Ken and June Nicholson return from Peace Corps service in Bulgaria

Couple returns from 2nd tour of duty with the Peace Corps
By ANDREW McKEEVER
Staff Writer

Caption: Now back from two years of service in the Peace Corps in Bulgaria, Ken and June Nicholson of Arlington have set up a display of artifacts and souvenirs they brought back with them. It was a great experience, but it's nice to be home, they said.

ARLINGTON, VERMONT -- For most Americans, Bulgaria is one of those mysterious gray areas on the map. We know it's somewhere in Europe, but it's not quite as easy to find as England or Italy.

When Ken and June Nicholson retired from teaching in Arlington in 2001 and decided to do a second tour of duty in the Peace Corps, they were offered Bulgaria as a destination.

"The first thing we did was run to the map to find out where it was," Ken Nicholson, 63, said.

However, the land about which they knew little held an appeal as a former Soviet-bloc country that had been on the other side of the Iron Curtain during the Cold War era, he said.

"I wanted to find out what my contemporaries were thinking about during that time," he said. "Another one of our goals was to show them what the average American was like."

Perceptions of the United States are heavily influenced by television and Hollywood movies, he said.

"They all think we're rich and live in New York City," he said.

Now back home after their second two-year stint in the Peace Corps - the first one being in 1971-73 - they marveled at how little had changed about the corps over the space of more than 30 years.

"It's amazingly the same - the same ambiance and idealistic spirit as 30 years ago," he said. "The things we liked about it then are still the same today."

Founded in the early 1960s and one of the enduring legacies of the presidency of John F. Kennedy, the corps today has about 8,000 volunteers spread around the world. The process of getting from Arlington to Shuman, a city of about 80,000 people in northeastern Bulgaria that became their home for nearly two years, took about six months, June Nicholson said.

After background checks are completed a volunteer spends 10 weeks of intensive training in the country where they'll be assigned, which includes a heavy dose of instruction in the local language, Mrs. Nicholson, 64, said.

"We learned to speak Bulgarian functionally, but not fluently," she said. "We made some friends, but couldn't really have an in-depth conversation."
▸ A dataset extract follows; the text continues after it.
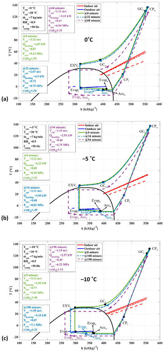 Figure 6 plots the shift in the T-h diagram of the CO2 HP cycle in the first frosting period with different ambient temperatures. Key operating parameters are also listed on the plots. It can be observed from Figure 6 that the cycle does not change too much from the beginning (green line) to the time point that DPea increases five times (blue dashed–dotted line). Such an observation agrees with the fact that the heating performance of the HP system ( and COPhp) only slightly degrades in the first frosting period with 5 × DPea,ini criterion. The major difference between the cycles at the beginning and when DPea increases five times is that as the frost grows on the outdoor evaporator and the cooling capacity drops, the refrigerant vapor quality at the evaporator exit xero decreases by 0.1–0.15. However, the vapor quality at the Acc exit xacc,ro stays almost the same, which indicates the liquid refrigerant migrates into the Acc. Therefore, the Acc holds the extra refrigerant due to frosting while the IHX keeps the suction superheat, and thus the discharge temperature Tcpro is almost constant when DPea increases five times under all three conditions. However, as the frost continues growing and densifying on the surface of the outdoor evaporator, the evaporating pressure and the cooling capacity further decrease. The Acc is completely flooded when DPea increases 10 times (purple dashed line in Figure 6). xero and xacc,ro drop by about 0.4 and 0.3 under the three conditions from the beginning to the time point when 10 × DPea,ini criterion is reached. The pressure and temperature at the compressor suction line decrease, so the mass flow rate drops with the reduced refrigerant density ρcpri at the inlet of the compressor. The discharge pressure pcpro also drops below the critical pressure of CO2 and the heating capacity drops significantly.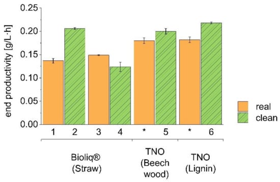 End-point productivity for pairs of real and clean syngases. Numbers 1 to 6 indicate the set-up, while stars (*) refer to TNO real gases (data published elsewhere, [31]). The productivity, as measured at the end of the fermentation, is shown by the bars. Real, biomass-derived syngases are represented by smooth orange bars, while clean, commercially-mixed syngases are shown by diagonally striped green bars. All values are given as the average of a triplicate, with standard deviation.

Life in the Peace Corps means living at nearly the same level as the ordinary population, so the two found themselves in a large, colorless Soviet-style apartment building, with paint peeling from the walls and hard to heat in the winter. They were paid $24 a month, which allowed them to get by and travel around the country by public transportation, Ken Nicholson said.

The pair were assigned as teachers in local schools, with June as an English teacher and Ken the coordinator of an ecology club. Both were the first Americans their students had ever met, they said.

June taught six grades in a public school with about 26 students in each class, while Ken had students who had to pass a competitive exam to get into a select high school, he said.

The education system had been quite regimented, but clearly the Soviets had made big effort to upgrade the quality of schooling, Ken Nicholson said.

"All the facilities were in a state of disrepair, but you could see the vision was there," he said. "They made a good start but then it all collapsed. Their schools used to have in-house dentists, doctors and nurses."

But the students had little concept of cheating, and thought nothing of making test-taking into a group effort, June said.

Bulgaria, an economically depressed country of about eight million people with a rich history and culture going back thousands of years into antiquity, is still struggling with a transition from the repressed Soviet era to the wide-open, anything-goes way of today's world.

"The advertising you'd see had sexual references that had been suppressed in the Soviet era, and that has all come off now," June said. "They have the freedom to say and do anything, and that was a pretty jarring experience for a couple of straight arrow Vermonters."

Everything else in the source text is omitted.